Before field day, stand up and walk through your opening with your folder in hand. The words should come out naturally before you knock your first door.
Door Approach
The door approach is not the full presentation. Your purpose is to identify yourself, explain the reason for you being there, and move to a seated location where the real conversation can begin.
“Hey maybe you can help me, I'm looking for [Name]. Okay good! Well Mr./Mrs. [Name], my name is [Agent Name] and I am the Benefits Coordinator that got assigned to go over this request you sent us in the mail. It takes us a few minutes, where would you like to sit?”

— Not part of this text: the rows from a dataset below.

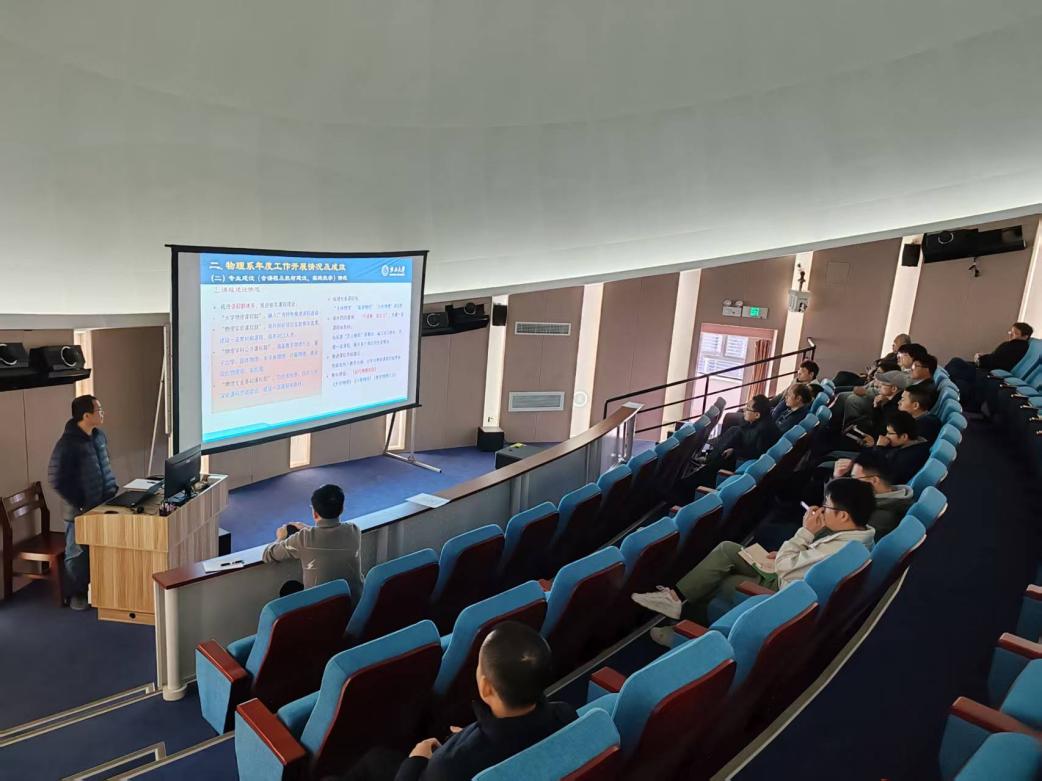 2025 年 1 月 11 日下午,浦京官网物理系召开全系教师工作会。会议主要议题包括导师制课程、本科毕业设计(论文)的工作管理,以及2024年物理系教学工作总结与2025年工作安排。会议由系主任梁毅主持,副院长林达斌出席,全系老师参加会议。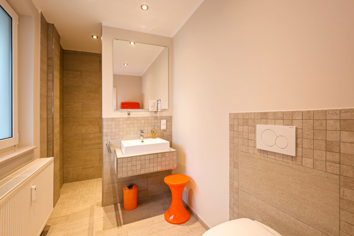 Geschafft! Nach sehr intensiven 20 Minuten, kannst du dich in unsere einladenden Dusch-Badezimmer zurück ziehen. Hier kannst du dich in aller Ruhe erholen und frisch machen. Neben Handtüchern, Duschgel und Föhn, steht für dich auch ein Deodorant zur Verfügung.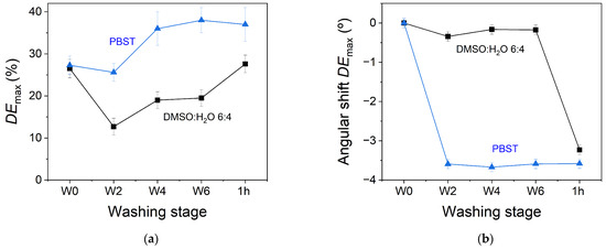 (a) Maximum diffraction efficiency (DEmax) and (b) angular shifts with respect to the reconstruction angle of holographic hydrogels after the different for the washing stages with the two solvents used: DMSO:H2O 6:4 (black square) and PBST (blue triangle). W0 indicates no washing.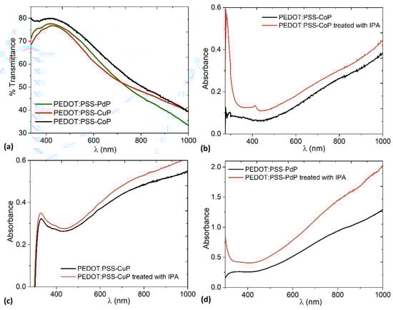 Spectral behavior of the (a) transmittance and absorbance for (b) PEDOT:PSS-CoP, (c) PEDOT:PSS-CuP, and (d) PEDOT:PSS-PdP films without and with IPA treatment.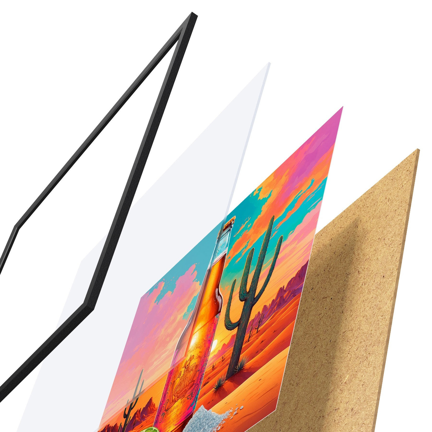 De poster bestaat uit een frame, plexiglas, geprinte afbeelding en spaanplaat achterkant. De poster kan meteen aan de muur worden gehangen dankzij de bevestigingen op de achterkant.
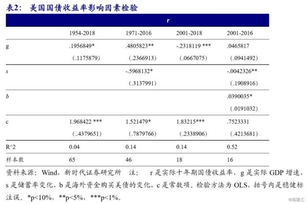 因此,我们可以看出,美国长期国债收益率一直走低,至少有以上三方面因素。第一,美国经济增速不断下滑。第二,次贷危机之后,美国整体储蓄率有所上升(见表2回归结果)。第三,2000年之后,海外资金对美债需求大幅增加。这背后的原因可能是,一方面,全球化环境下,中国等高储蓄国家对美贸易顺差扩大,然后再购买美债,这相当于其他国家将储蓄转移到美国;另一方面,缺乏大的科技进步引致全球经济增速不断下滑,全球安全资产需求增加。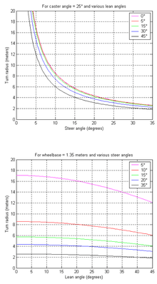 where is the approximate radius, is the wheelbase, is the lean angle, is the steering angle, and is the caster angle of the steering axis.[9]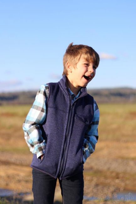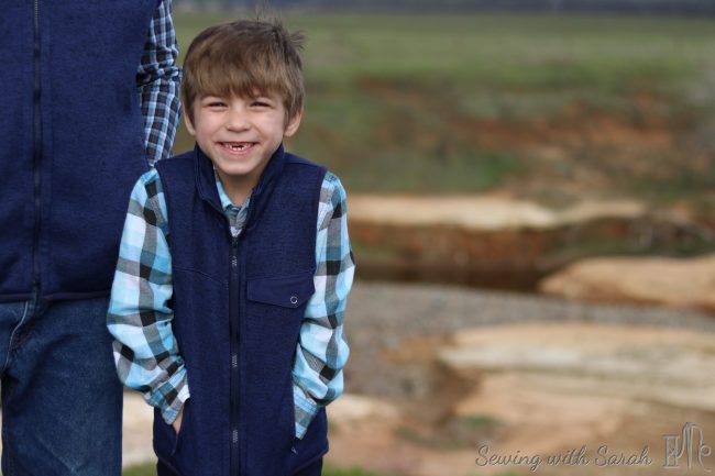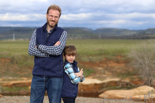 Of course, matching vests meant a daddy and me photo shoot! Such handsome guys! My other son, O, has a copy in the works, and I’ve got some delicious So Sew English fleece performance fabric earmarked for my own vest!

“Hey maybe you can help me, I'm looking for [Name]. Okay good! Well Mr./Mrs. [Name], my name is [Agent Name] and I am the Benefits Coordinator that got assigned to you, to go over your 2026 State Benefit Programs. It takes us a few minutes, where would you like to sit?”
How to run it
- Keep your voice calm, casual, and confident.
- Do not ask if they want to meet. Assume you are there to help and move toward sitting down.
- If they hesitate, shorten the explanation rather than adding more details.
- Once seated, slow down and begin the connection part of the appointment.
- Talking for two minutes at the door.
- Asking, “Is now a good time?” when you have not earned the conversation yet.
- Explaining products, prices, or insurance before sitting down.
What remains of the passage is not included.